* WHAT TO WORK ON: Every record below is to be copied exactly, with its images omitted.

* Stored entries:
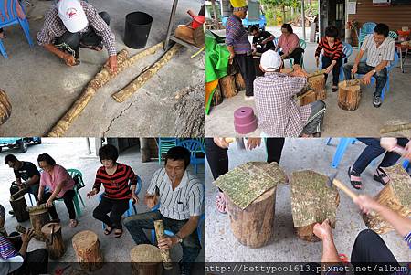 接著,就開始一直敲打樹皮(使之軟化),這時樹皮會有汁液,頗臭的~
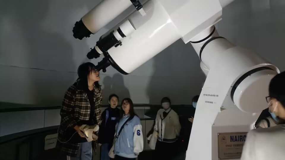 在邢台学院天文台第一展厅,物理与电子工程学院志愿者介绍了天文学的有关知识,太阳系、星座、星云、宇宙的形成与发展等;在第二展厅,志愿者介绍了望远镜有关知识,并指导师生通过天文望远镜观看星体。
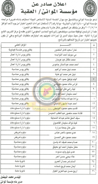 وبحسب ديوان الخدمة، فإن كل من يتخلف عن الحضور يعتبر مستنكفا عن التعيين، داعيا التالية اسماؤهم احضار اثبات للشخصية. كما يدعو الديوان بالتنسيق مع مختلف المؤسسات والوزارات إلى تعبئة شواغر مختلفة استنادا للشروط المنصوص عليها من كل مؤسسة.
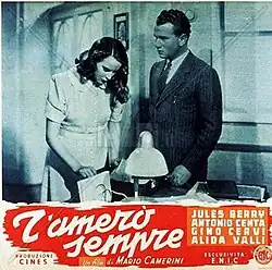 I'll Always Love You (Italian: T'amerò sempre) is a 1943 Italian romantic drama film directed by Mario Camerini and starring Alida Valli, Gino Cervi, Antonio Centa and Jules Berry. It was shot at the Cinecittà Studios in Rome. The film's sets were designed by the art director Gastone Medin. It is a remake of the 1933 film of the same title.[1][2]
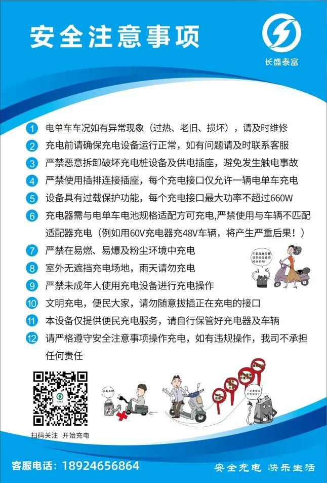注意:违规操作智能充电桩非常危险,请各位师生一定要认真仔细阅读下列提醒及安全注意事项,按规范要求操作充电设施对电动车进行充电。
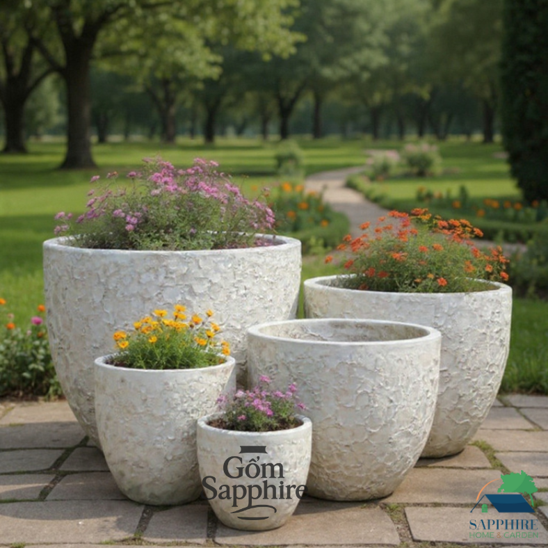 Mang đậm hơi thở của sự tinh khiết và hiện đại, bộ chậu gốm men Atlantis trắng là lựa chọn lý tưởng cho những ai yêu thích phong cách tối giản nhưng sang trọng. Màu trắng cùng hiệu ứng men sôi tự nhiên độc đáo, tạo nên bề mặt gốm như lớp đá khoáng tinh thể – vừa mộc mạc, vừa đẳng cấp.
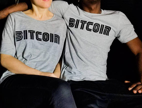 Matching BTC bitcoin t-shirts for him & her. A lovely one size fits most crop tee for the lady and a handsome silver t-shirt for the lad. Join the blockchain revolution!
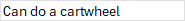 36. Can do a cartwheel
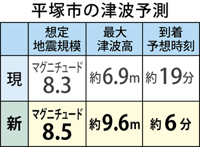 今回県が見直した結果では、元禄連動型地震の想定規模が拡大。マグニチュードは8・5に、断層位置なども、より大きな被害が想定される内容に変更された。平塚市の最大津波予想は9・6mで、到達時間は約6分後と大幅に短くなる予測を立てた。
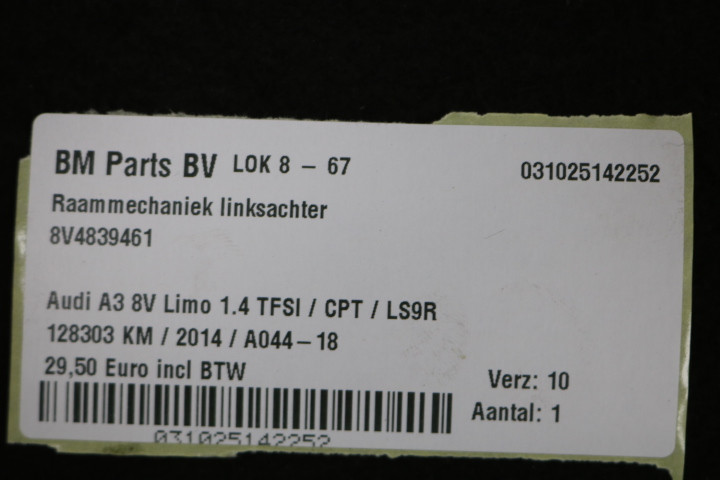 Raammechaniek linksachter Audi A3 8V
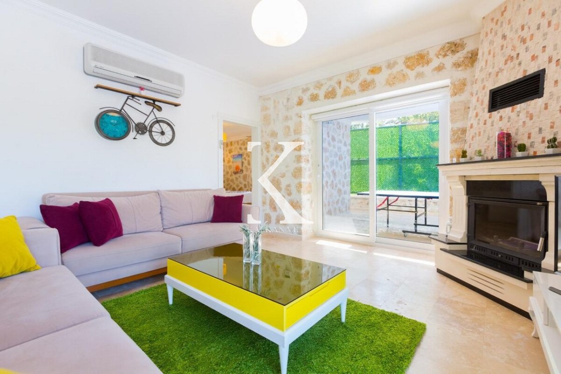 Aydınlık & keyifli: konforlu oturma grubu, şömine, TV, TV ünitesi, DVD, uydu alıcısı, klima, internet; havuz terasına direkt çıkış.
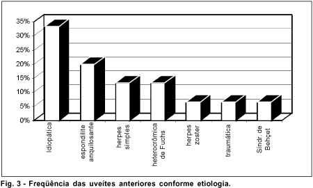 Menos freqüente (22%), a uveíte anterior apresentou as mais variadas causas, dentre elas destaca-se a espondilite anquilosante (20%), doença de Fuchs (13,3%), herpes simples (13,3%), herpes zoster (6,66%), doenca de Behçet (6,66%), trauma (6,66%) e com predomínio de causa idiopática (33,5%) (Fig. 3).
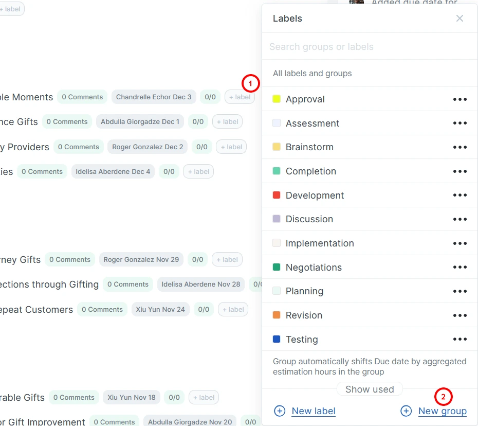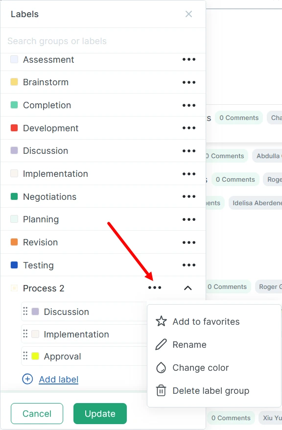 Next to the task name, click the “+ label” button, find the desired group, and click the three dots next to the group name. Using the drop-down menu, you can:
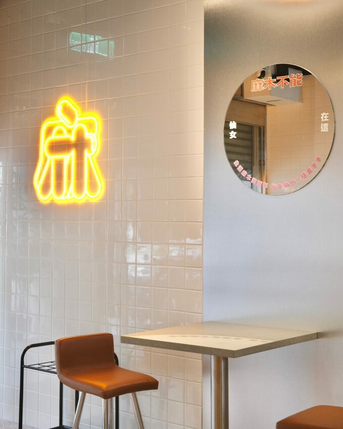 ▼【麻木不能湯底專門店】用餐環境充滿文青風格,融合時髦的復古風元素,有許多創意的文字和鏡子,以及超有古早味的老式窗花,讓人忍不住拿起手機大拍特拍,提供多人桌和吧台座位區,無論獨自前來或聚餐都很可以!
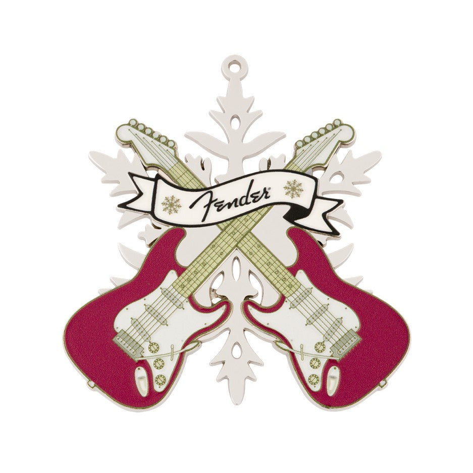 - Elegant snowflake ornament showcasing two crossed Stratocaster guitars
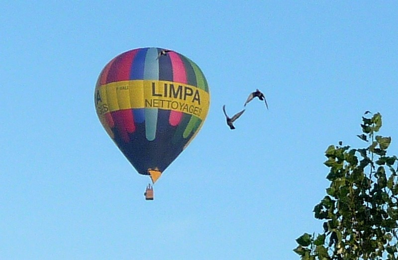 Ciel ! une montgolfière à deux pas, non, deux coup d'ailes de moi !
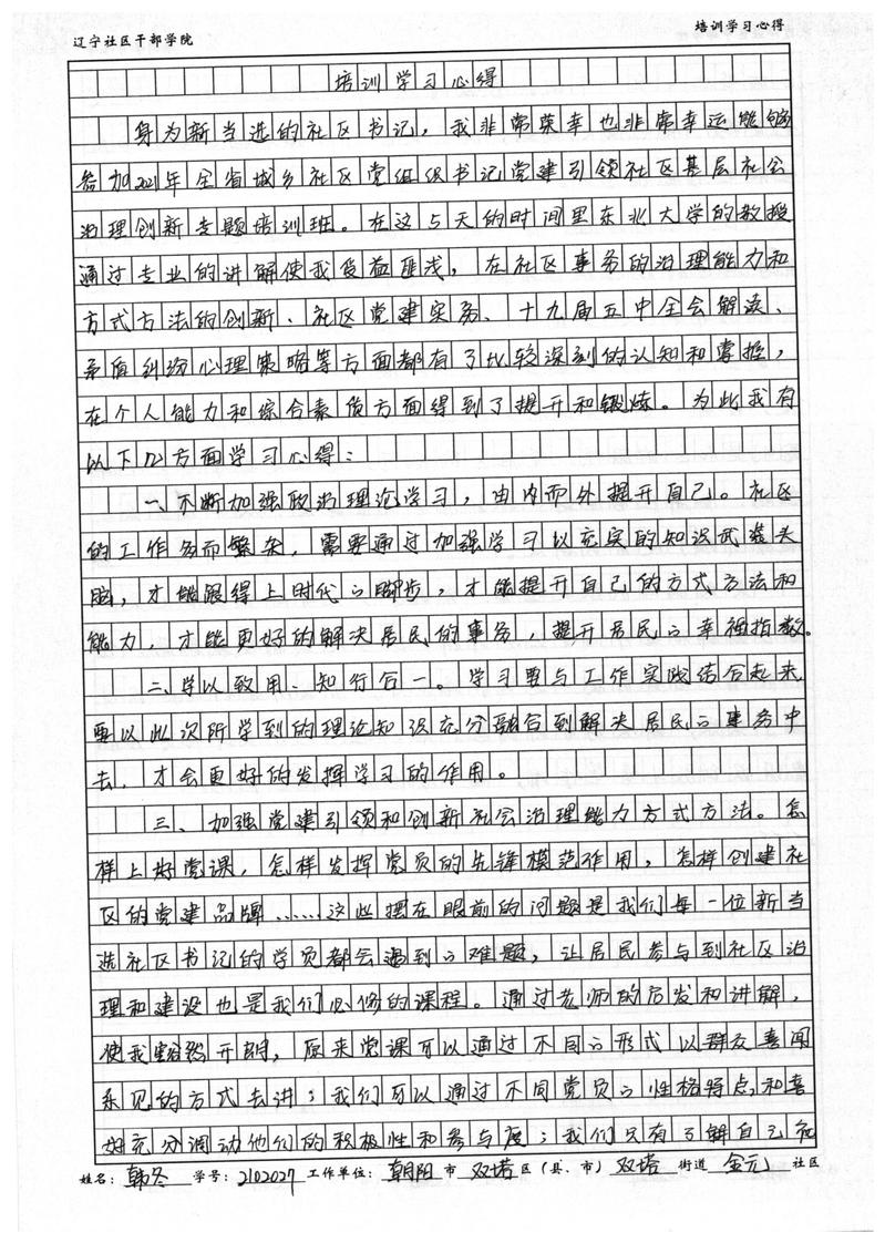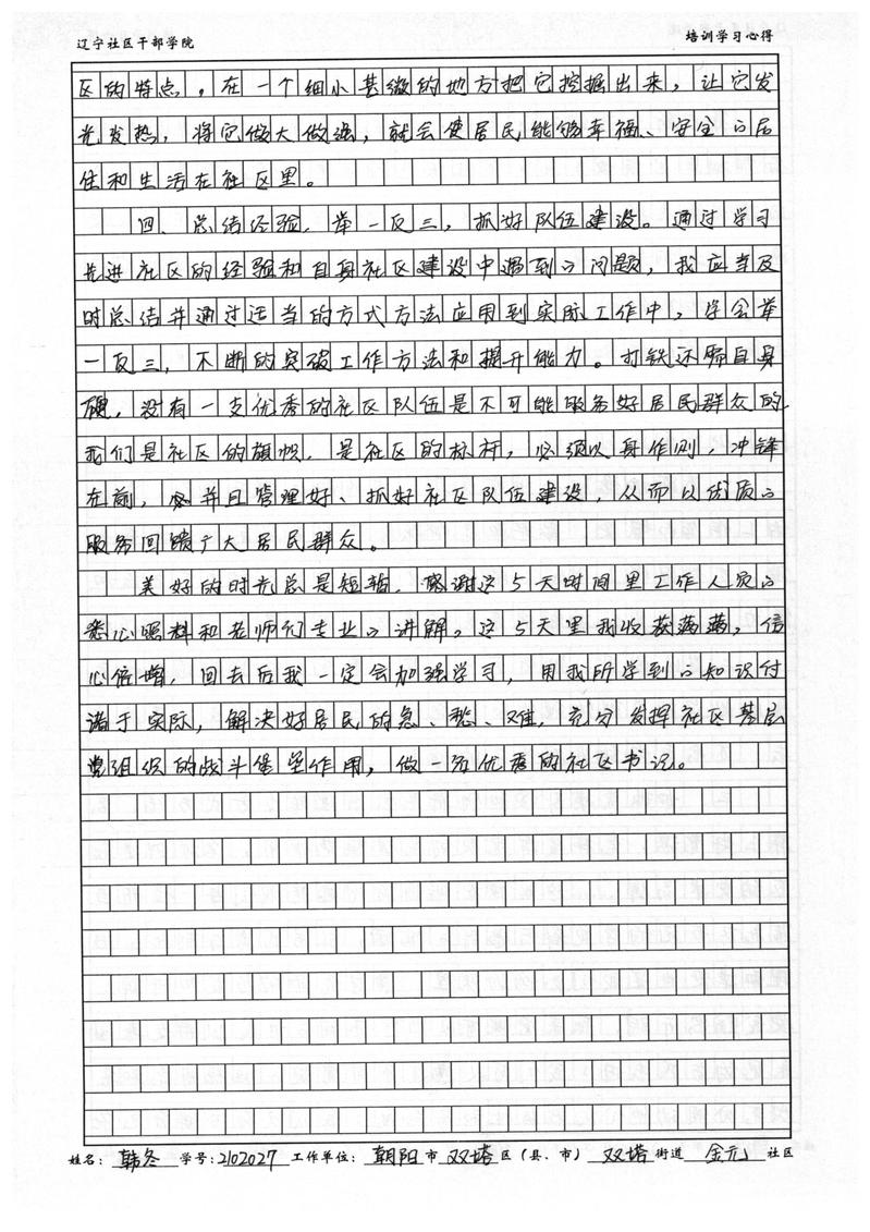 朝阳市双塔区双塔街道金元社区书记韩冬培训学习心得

* RESULT OF THE TASK:
 接著,就開始一直敲打樹皮(使之軟化),這時樹皮會有汁液,頗臭的~
 在邢台学院天文台第一展厅,物理与电子工程学院志愿者介绍了天文学的有关知识,太阳系、星座、星云、宇宙的形成与发展等;在第二展厅,志愿者介绍了望远镜有关知识,并指导师生通过天文望远镜观看星体。
 وبحسب ديوان الخدمة، فإن كل من يتخلف عن الحضور يعتبر مستنكفا عن التعيين، داعيا التالية اسماؤهم احضار اثبات للشخصية. كما يدعو الديوان بالتنسيق مع مختلف المؤسسات والوزارات إلى تعبئة شواغر مختلفة استنادا للشروط المنصوص عليها من كل مؤسسة.
 I'll Always Love You (Italian: T'amerò sempre) is a 1943 Italian romantic drama film directed by Mario Camerini and starring Alida Valli, Gino Cervi, Antonio Centa and Jules Berry. It was shot at the Cinecittà Studios in Rome. The film's sets were designed by the art director Gastone Medin. It is a remake of the 1933 film of the same title.[1][2]
注意:违规操作智能充电桩非常危险,请各位师生一定要认真仔细阅读下列提醒及安全注意事项,按规范要求操作充电设施对电动车进行充电。
 Mang đậm hơi thở của sự tinh khiết và hiện đại, bộ chậu gốm men Atlantis trắng là lựa chọn lý tưởng cho những ai yêu thích phong cách tối giản nhưng sang trọng. Màu trắng cùng hiệu ứng men sôi tự nhiên độc đáo, tạo nên bề mặt gốm như lớp đá khoáng tinh thể – vừa mộc mạc, vừa đẳng cấp.
 Matching BTC bitcoin t-shirts for him & her. A lovely one size fits most crop tee for the lady and a handsome silver t-shirt for the lad. Join the blockchain revolution!
 36. Can do a cartwheel
 今回県が見直した結果では、元禄連動型地震の想定規模が拡大。マグニチュードは8・5に、断層位置なども、より大きな被害が想定される内容に変更された。平塚市の最大津波予想は9・6mで、到達時間は約6分後と大幅に短くなる予測を立てた。
 Raammechaniek linksachter Audi A3 8V
 Aydınlık & keyifli: konforlu oturma grubu, şömine, TV, TV ünitesi, DVD, uydu alıcısı, klima, internet; havuz terasına direkt çıkış.
 Menos freqüente (22%), a uveíte anterior apresentou as mais variadas causas, dentre elas destaca-se a espondilite anquilosante (20%), doença de Fuchs (13,3%), herpes simples (13,3%), herpes zoster (6,66%), doenca de Behçet (6,66%), trauma (6,66%) e com predomínio de causa idiopática (33,5%) (Fig. 3).
 Next to the task name, click the “+ label” button, find the desired group, and click the three dots next to the group name. Using the drop-down menu, you can:
 ▼【麻木不能湯底專門店】用餐環境充滿文青風格,融合時髦的復古風元素,有許多創意的文字和鏡子,以及超有古早味的老式窗花,讓人忍不住拿起手機大拍特拍,提供多人桌和吧台座位區,無論獨自前來或聚餐都很可以!
 - Elegant snowflake ornament showcasing two crossed Stratocaster guitars
 Ciel ! une montgolfière à deux pas, non, deux coup d'ailes de moi !
 朝阳市双塔区双塔街道金元社区书记韩冬培训学习心得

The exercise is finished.